Hope this solves your problem

br
Günter

Dear Gunter,

I have already added pbs_scp=/bin/scp on my master node and compute node.
below are the details

Master:

cat /etc/pbs.conf

PBS_EXEC=/share/apps/platform/pbs
PBS_HOME=/var/spool/pbs
PBS_SERVER=master
PBS_START_SERVER=1
PBS_START_SCHED=1
PBS_START_COMM=1
PBS_START_MOM=1
PBS_CORE_LIMIT=unlimited
PBS_SCP=/bin/scp
PBS_RCP=/bin/false
PBS_SCP=/usr/bin/scp
PBS_RSHCOMMAND=/usr/bin/ssh

Node01:

cat /etc/pbs.conf

PBS_EXEC=/opt/pbs
PBS_HOME=/var/spool/pbs
PBS_SERVER=master
PBS_START_SERVER=0
PBS_START_SCHED=0
PBS_START_COMM=0
PBS_START_MOM=1
PBS_CORE_LIMIT=unlimited
PBS_SCP=/bin/scp
PBS_RCP=/bin/false
PBS_SCP=/usr/bin/scp
PBS_RSHCOMMAND=/usr/bin/ssh

Please let me know need any changes … so that we can able to resolve this problem.

Regards,
Zain

Dear Zain,

I still think that the -t option somehow causes the problem, the corresponding

command is given in your mom log file, i.e.

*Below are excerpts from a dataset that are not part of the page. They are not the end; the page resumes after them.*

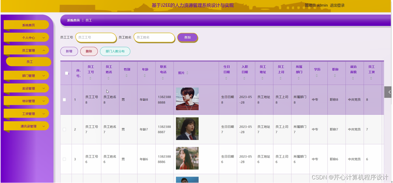 管理员点击员工管理,在员工管理页面对员工工号、员工姓名、性别、年龄、联系电话、照片、生日日期、入职日期、员工地址、员工上司、所属部门、学历、职称、政治面貌、员工工资、员工提成等信息,可以查询,新增或删除员工信息等操作。如图5-3所示:
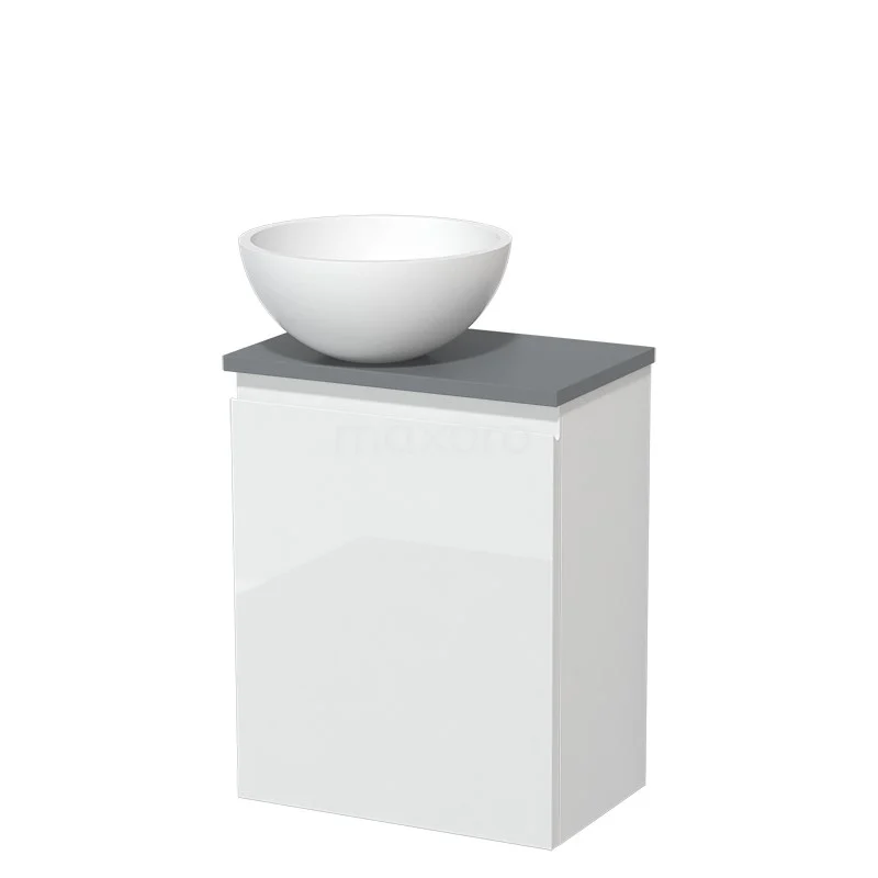 Toilet unit with wash basin | 41 cm High-gloss white Handleless front Matte white Solidtop wash basin Mid grey worktop
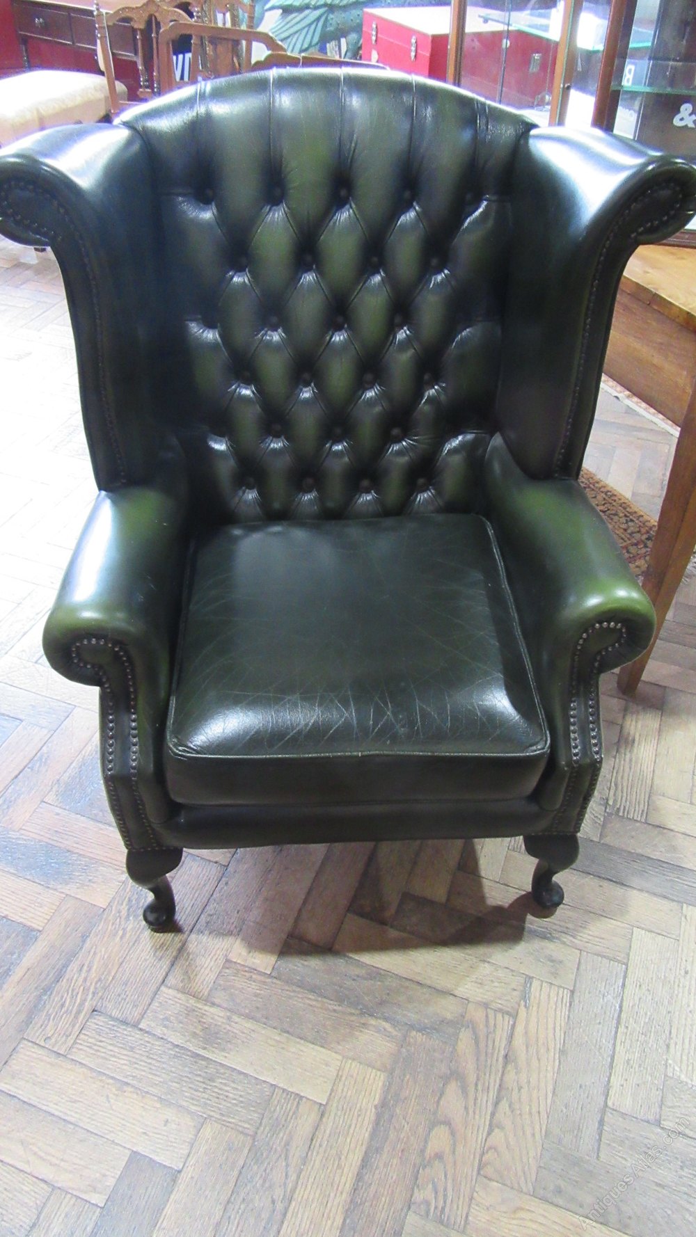Vintage Deep Buttoned Leather Wing Armchair by Thomas LLoyd with removable cushion 103 cm high 90 cm wide,75 cm deep
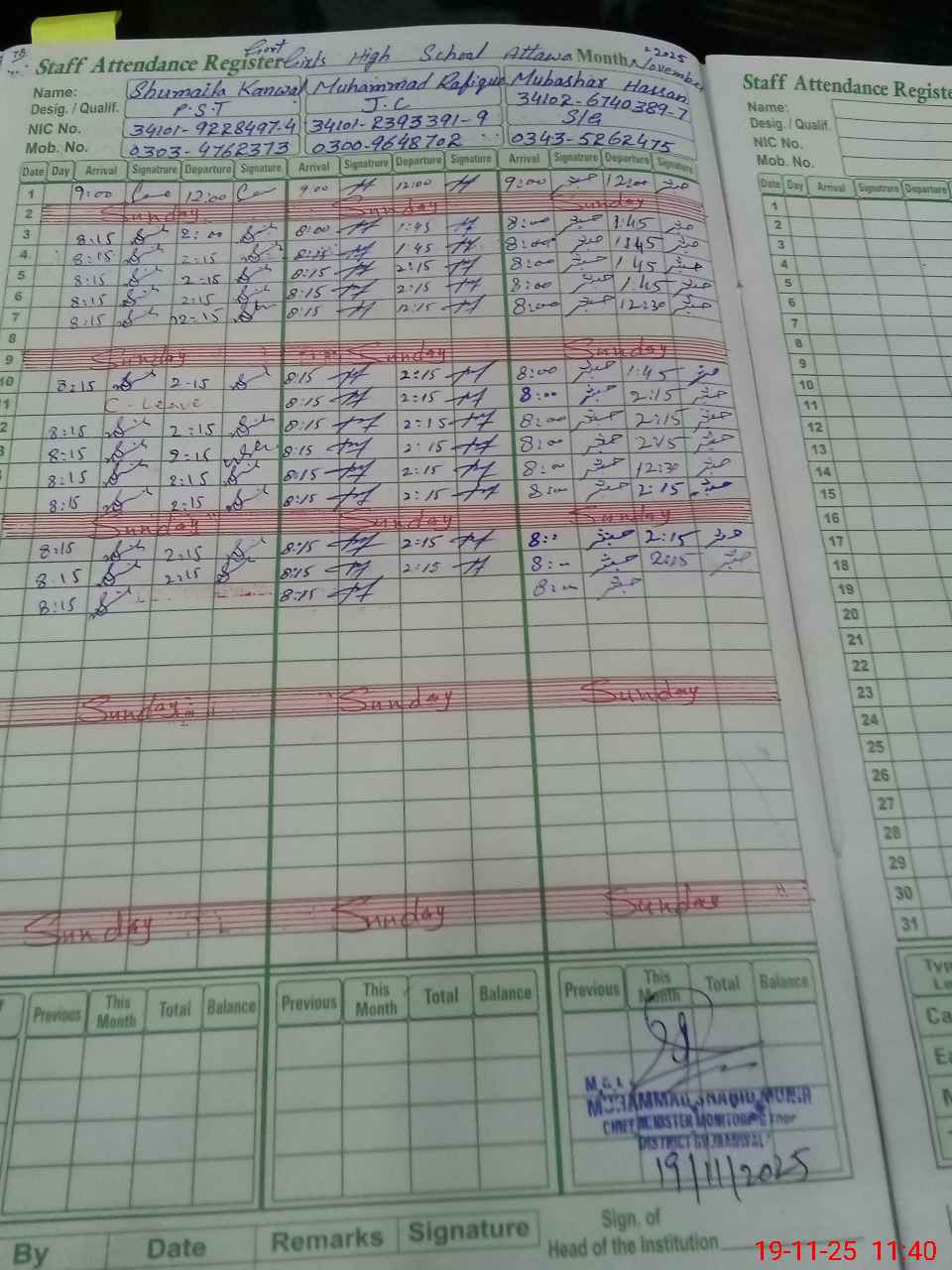 | CNIC | Full Name | Designation | R/C | Absence during last cal. month |
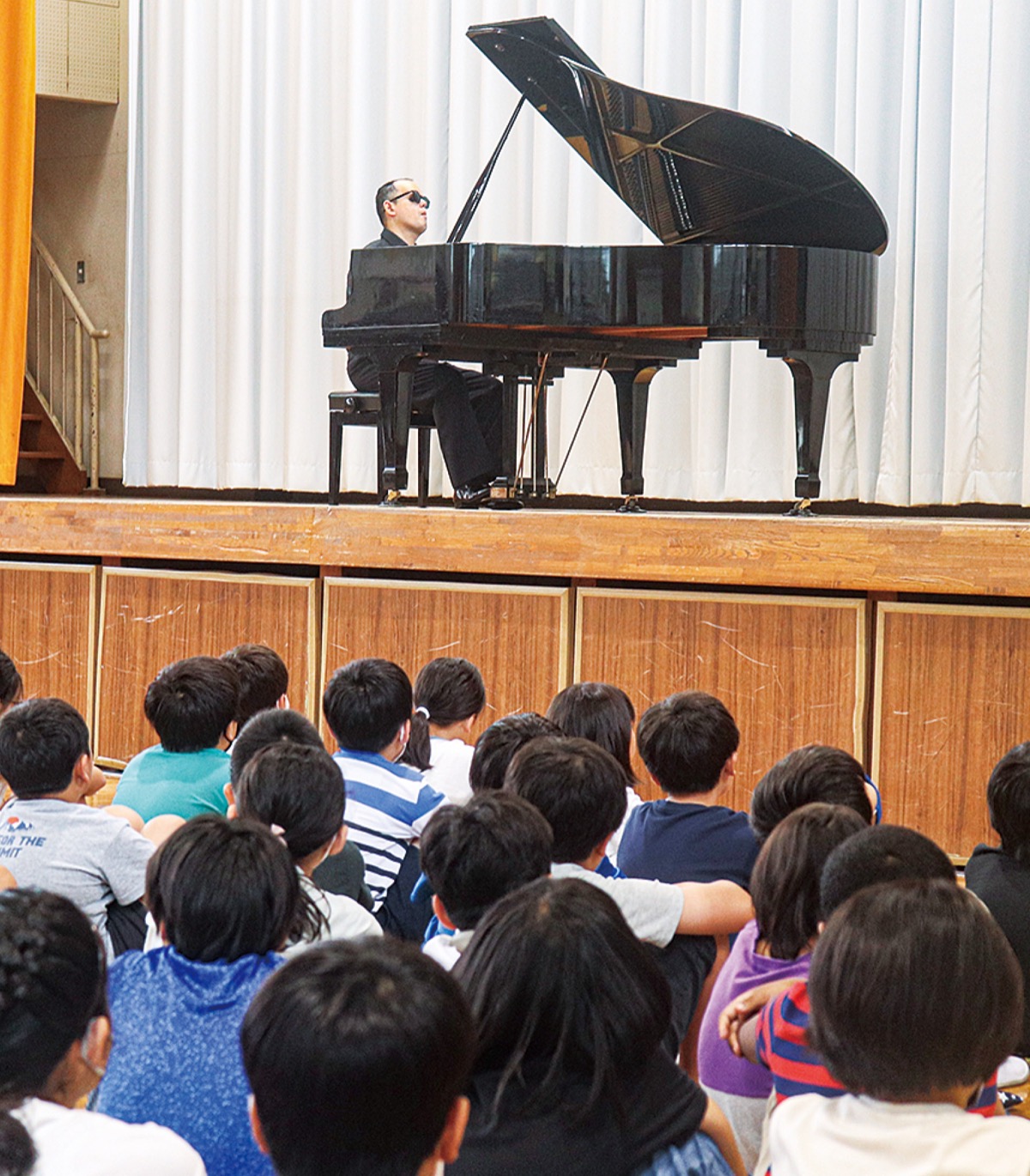 三ツ沢小学校(高木伸之校長)で9月6日、ピアニストの梯剛之さんによる特別コンサートが開催された。
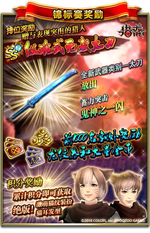 本届锦标赛活动前10名的猎人,可通过荣誉勋章兑换商店购买到新型魂武——无我太刀,这是一把超版本SS级武器,可通过蓄力突击释放技能——鬼神之一闪!前1000名猎人还会额外获得龙纹券和大量金币,更有绝版激萌猫耳发型奖励!

scp -v -r -p -t /home/pbsdata/STDIN.o18

To verify I performed the following in any directory on a PBS server

touch test.txt

scp -v -r -p -t test.txt /home/bachlerg

scp: ambiguous target

scp -v -r -p test.txt /home/bachlerg

Executing: cp -r -p – test.txt /home/bachlerg

The question arises why PBS is using the -t option to return the o-file into the

job directory ?

Hope you find somebody who can explain that

Br

Günter

image001.jpg

Hi,

this is from pbspro ce 19.1.1 version specific or any scp/ssh related versions causing this “ambiguus target”. can’t we remove “t” option from related config file.

Else this is from password-less connection between pbsdata@master and pbsdata@node01 (here i have created pbsdata user at Master and node01 nodes)

Please guide me on this.

Regards,
Zain

zain, could you please create a wrapper script /usr/bin/scp.sh and use this wrapper script in the /etc/pbs.conf against PBS_SCP=/usr/bin/scp.sh and restart the pbs services

scp.sh will filter out the arguments that is not required and pass only your customised arguments

#!/bin/bash
#This scp.sh file is saved in /usr/bin/scp.sh
#in the /etc/pbs.conf of PBS Server and PBS Moms
#update this line PBS_SCP=/usr/bin/scp.sh
#restart the PBS Services on server node and compute node

for i in “$@”
do

if [ “$i” != “-t” ]
then
cmd+=$i" "
fi
done
echo “/usr/bin/scp $cmd”
/usr/bin/scp $cmd

Hope this works for you